* [What is being asked] Leave every picture out. Set down all the lines below exactly.

* [Data excerpt]
+ + + + +
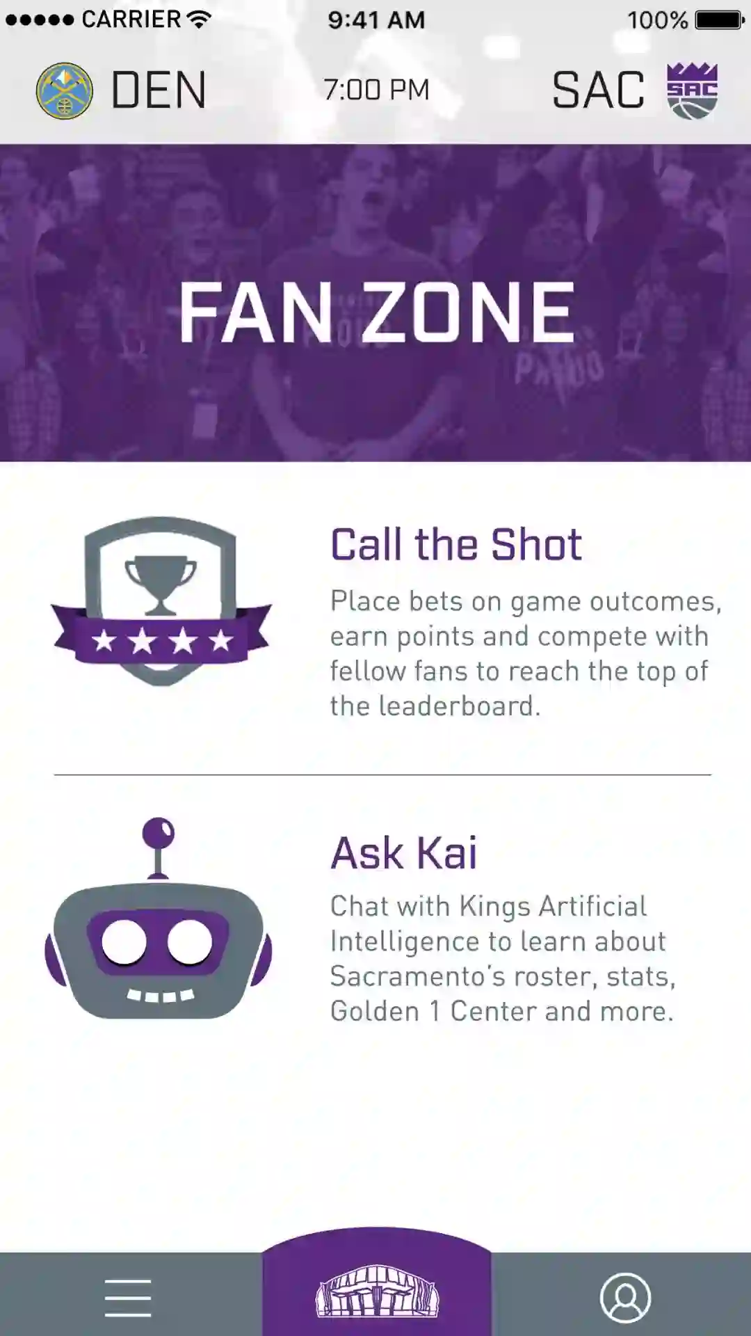 2016 年 6 月,Sacramento Kings 篮球队与定制机器人开发 Sapien 公司合作,推出了一款名为 KAI 的聊天机器人,取意于 Kings Artificial Intelligence 的首字母缩写。
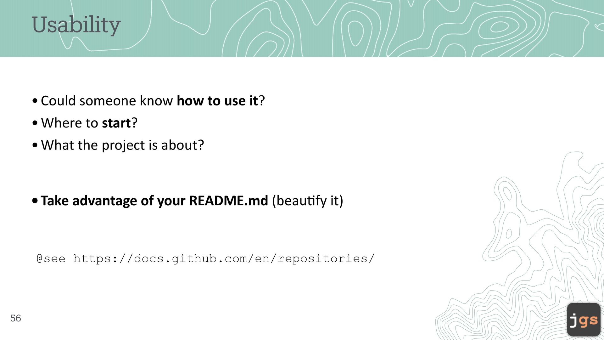 start? •What the project is about? •Take advantage of your README.md (beau ti fy it) @see https://docs.github.com/en/repositories/ 56
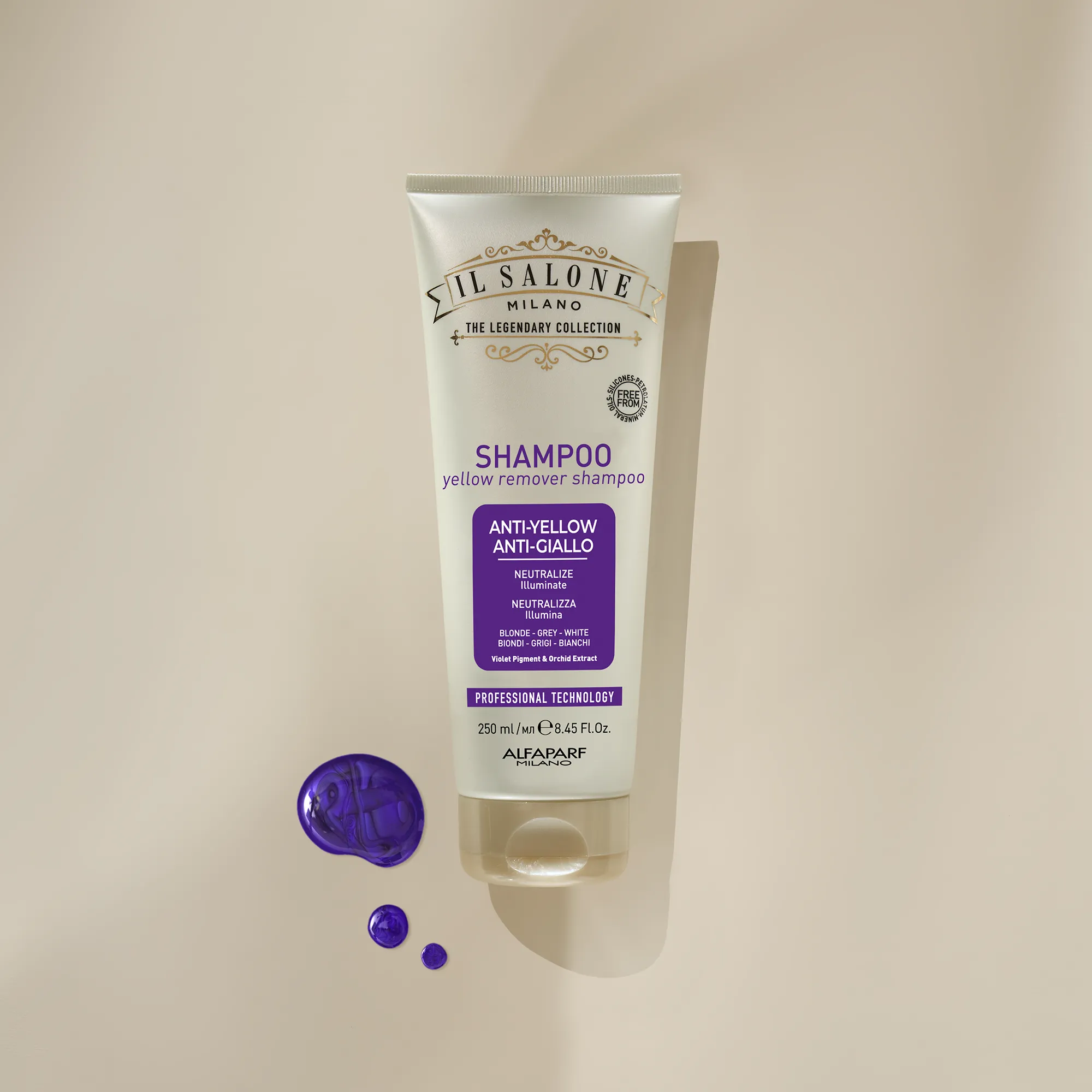 Професійний шампунь проти жовтизни. Розроблений на основі системи Violet Care System, він нейтралізує небажані жовті тони та підсилює природне сяйво. Фіолетова формула.
+ + + + +
* [Reply to the task]
 2016 年 6 月,Sacramento Kings 篮球队与定制机器人开发 Sapien 公司合作,推出了一款名为 KAI 的聊天机器人,取意于 Kings Artificial Intelligence 的首字母缩写。
 start? •What the project is about? •Take advantage of your README.md (beau ti fy it) @see https://docs.github.com/en/repositories/ 56
 Професійний шампунь проти жовтизни. Розроблений на основі системи Violet Care System, він нейтралізує небажані жовті тони та підсилює природне сяйво. Фіолетова формула.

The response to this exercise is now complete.